----- The input
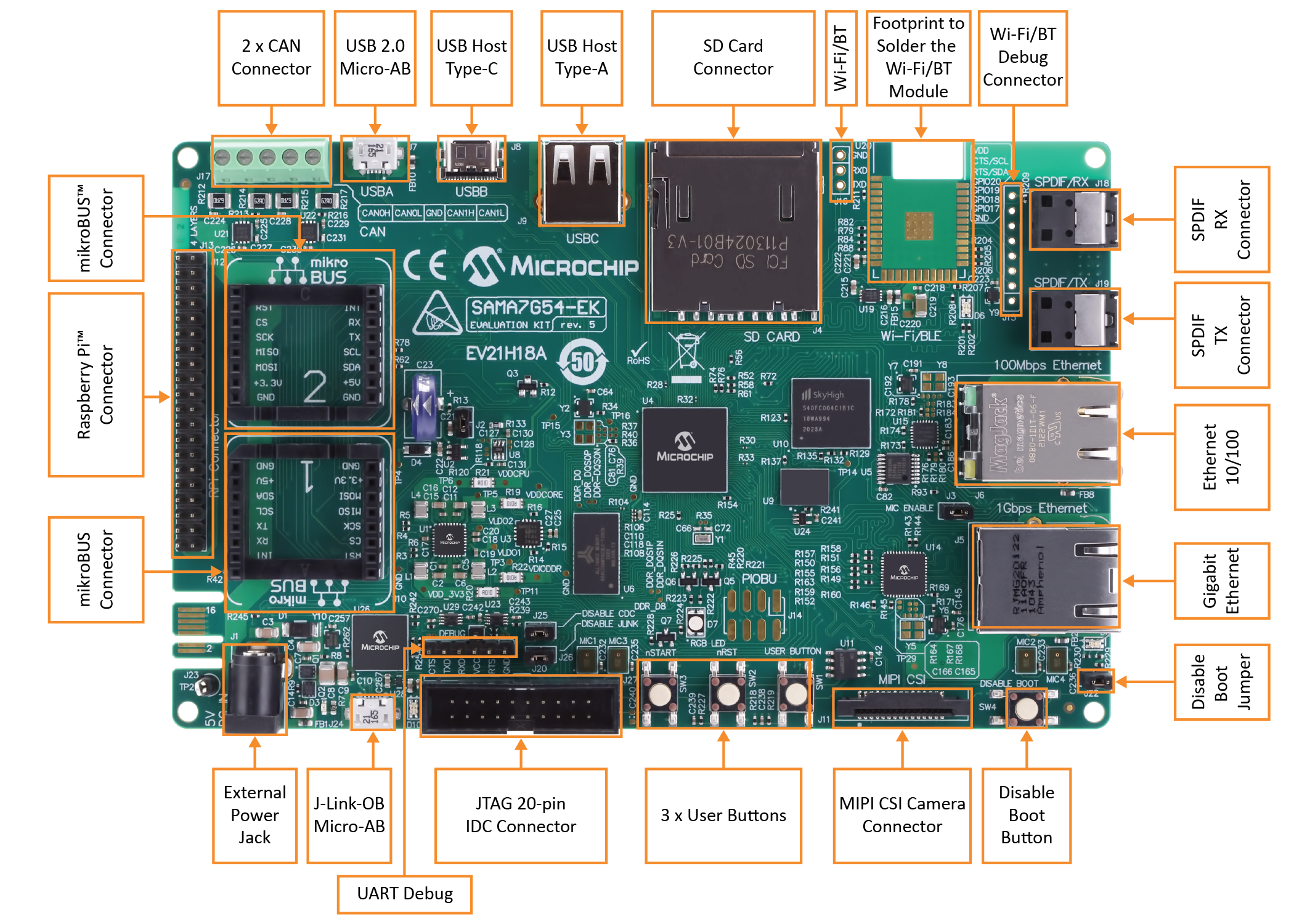 Microchip provides both hardware and software development support for the SAMA7G54. The SAMA7G54-EK Evaluation Kit (CPN: EV21H18A) features connectors and expansion headers for customization and quick access to embedded features. The device is supported by Microchip’s mainline Linux distribution and bare-metal framework and RTOS support is provided within MPLAB Harmony v3.
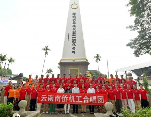 最后,云南南侨机工学会合唱团合唱《槟榔屿纪念碑碑歌》及在槟榔屿华侨抗战殉职机工暨罹难同胞纪念碑前合影。
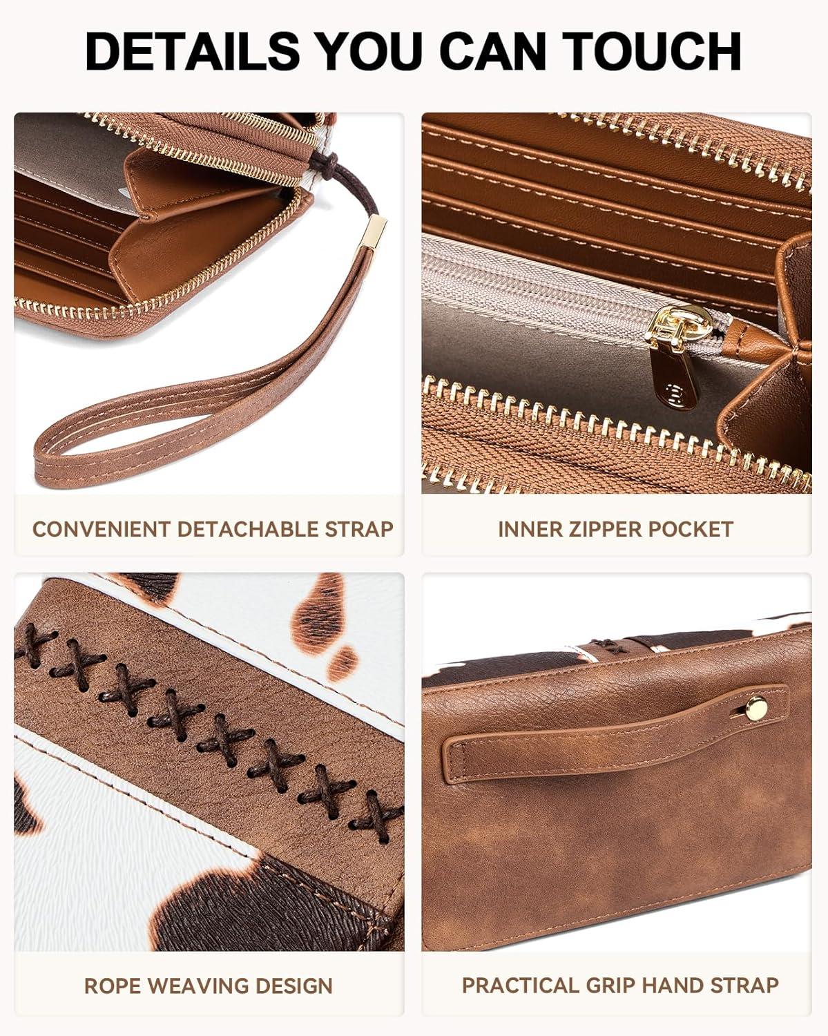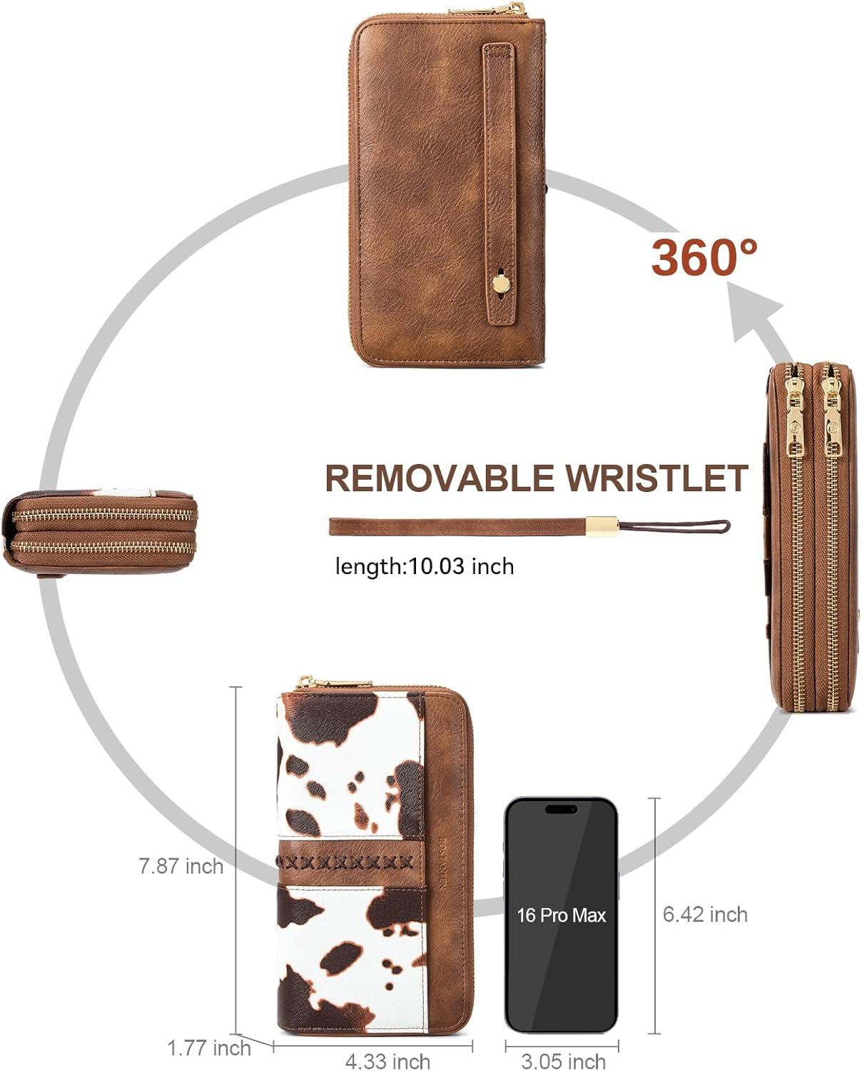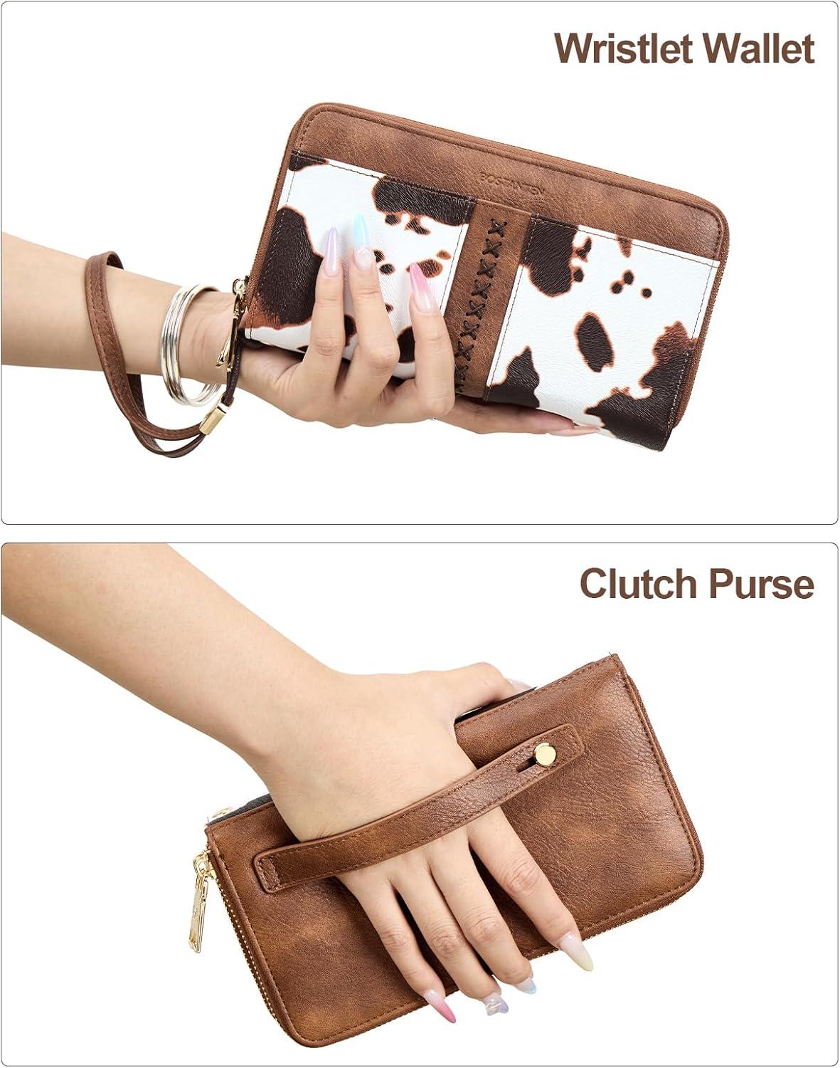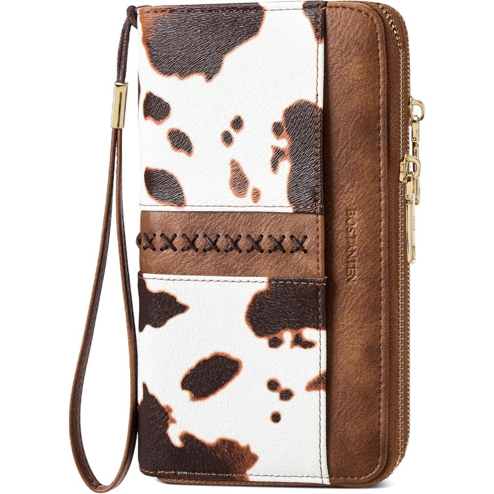 BOSTANTEN Wallets for Women Leather RFID Double Zipper Around Credit Card Holder Large Capacity Wristlet Clutch Wallet(Brown Cow Print)
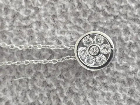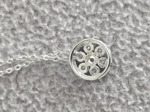 Dije de flor circular.Se puede retirar de la cadena.Material: Metal con pedrería.Tamaño cadena: 40 + 5 cmTamaño dije: Diámetro aprox. 0.7 cmSe entrega en bolsa de organza tipo costalito.Ideal para regalo 🎁Si te gusta otra pieza de mi colección avísame y te armo paquete 😉
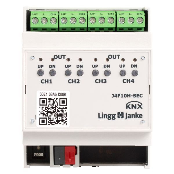 KNX eco+ Jalousie-/Rollladenaktor 4-fach 10A Handbedienung 4 TE Schaltleistung 10A 250 VAC C-Last 140µF
----------
Task details: Pictures omitted, give the entries again exactly.

Answer section:
 Microchip provides both hardware and software development support for the SAMA7G54. The SAMA7G54-EK Evaluation Kit (CPN: EV21H18A) features connectors and expansion headers for customization and quick access to embedded features. The device is supported by Microchip’s mainline Linux distribution and bare-metal framework and RTOS support is provided within MPLAB Harmony v3.
 最后,云南南侨机工学会合唱团合唱《槟榔屿纪念碑碑歌》及在槟榔屿华侨抗战殉职机工暨罹难同胞纪念碑前合影。
 BOSTANTEN Wallets for Women Leather RFID Double Zipper Around Credit Card Holder Large Capacity Wristlet Clutch Wallet(Brown Cow Print)
 Dije de flor circular.Se puede retirar de la cadena.Material: Metal con pedrería.Tamaño cadena: 40 + 5 cmTamaño dije: Diámetro aprox. 0.7 cmSe entrega en bolsa de organza tipo costalito.Ideal para regalo 🎁Si te gusta otra pieza de mi colección avísame y te armo paquete 😉
 KNX eco+ Jalousie-/Rollladenaktor 4-fach 10A Handbedienung 4 TE Schaltleistung 10A 250 VAC C-Last 140µF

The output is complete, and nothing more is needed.